The challenge of these more deeply human warnings is that you cannot stop someone from living their own life, no matter how much you want to spare them from suffering. When a toddler reaches for something dangerous, we pull his arm away. But when an adolescent makes mistakes that we have already made, we cannot deny her the freedom to live her own life. So, the warning we might offer cannot appear to be a command. It must come as a conversation. We can only ask the other to look again, to consider another side of the situation. And we must be willing to listen. Sharing our understandings of the world must be a true sharing, not a sermon.

As the danger becomes more deeply human, our need to share our very selves, our stories, increases. Most everyone will listen to a stranger who says that a tree has blocked the road. But telling another that someone else has betrayed them takes some explaining on our part. Sharing insight requires sharing our lives. We cannot just tell another what we see, what we know. We must be willing to walk with them, to guide them if and when they open themselves to us.

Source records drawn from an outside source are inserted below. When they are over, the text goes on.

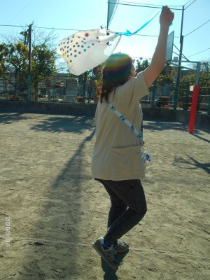 出来上がった凧を持って公園のグラウンドで凧揚げ大会!
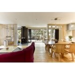 弊社からは、東南角の一番日の当たる場所に位置する18畳もの広縁と8畳の和室二間と10畳の仏間含めLDKと客間へご提案致しました。もともとの客間も広縁側へと位置を変更し、「三間続きの和室と広縁」から「33畳LDKと10畳客間」へと改装。二階を支える柱はそのままに、明るく開放的な空間づくりに工夫を凝らしています。 薪ストーブの効果が最大限発揮できる位置と外から薪を運ぶ同線も意識しつつ、乱雑になりがちな薪ストックスペースは既存柱を生かし格子で目隠し兼アクセントに。客間から一直線に広がる無垢の温かい空間が、その奥に見える庭園をどこからでも眺められるように窓開口を大きく取ったことで、開放感がありながらも落ち着く空間を演出しています。
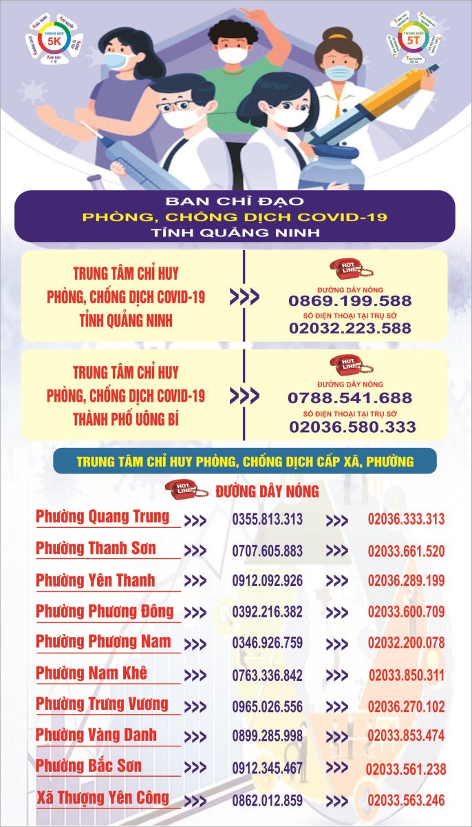Hiện nay, Thành phố Uông Bí đã phát hiện một số ca dương tính với Covid -19 tại Công ty Giầy da Sao Vàng chi nhánh Uông Bí. Thành phố đang thần tốc triển khai các biện pháp truy vết, khoanh vùng, lấy mẫu. Thành phố thông tin và đề nghị Nhân dân hết sức bình tĩnh để Ban Chỉ đạo phòng chống dịch Covid-19 thành phố tập trung chỉ đạo, triển khai các biện pháp cần thiết. Yêu cầu các gia đình có người làm việc tại Công ty Giầy da Sao Vàng chi nhánh Uông Bí hạn chế đi lại, giao tiếp; nhanh chóng liên hệ với Ban chỉ đạo các xã phường hoặc Tổ covid -19 cộng đồng theo số điện thoại dưới đây để được hướng dẫn:
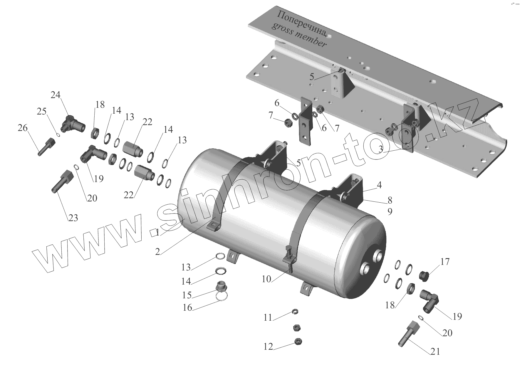 Каталог запасных частей к технике: МАЗ-6430A8 (5440A8, 5440A5). Установка ресивера 54401-3513007
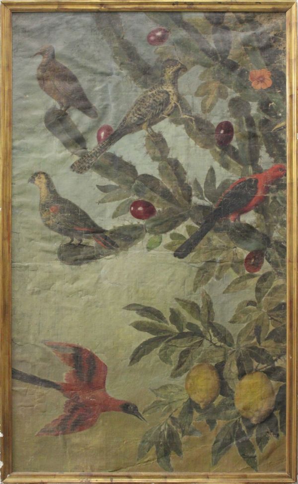 Cinq oiseaux dans un décor de cactus et de citronniers sur fond bleu.

Would we trust someone who simply told us what to do? Aren’t we much more likely to open ourselves as we walk with another?

Those three quite different ways of warning another can help us to understand better the mystery of the incarnation, why God chose to become one of us. Impersonal warnings are straightforward. They may take time to learn—we may ignore them to our peril—yet God wrote the laws of nature to explain themselves. Because understanding each other is more complicated, so, too, is crediting another’s warning. Whenever we warn one person of another, we must observe boundaries of respect, reserve, privacy and forbearance.

Owe nothing to anyone, except to love one another; for the one who loves another has fulfilled the law (Rom 13:8).

Finally, there is the question of understanding ourselves. Would we trust someone who simply told us what to do? Aren’t we much more likely to open ourselves as we walk with another? When the other shares a story, a life with us?

Is this why God does not enter our lives in a way that is undeniable, that closes our human freedom? As a stern stranger in the skies? Is this why the Lord chose to come among us as a man and chooses to remain among us in the mystery we call the church, in a human fellowship?

For where two or three are gathered together in my name, there am I in the midst of them (Mt 18:20).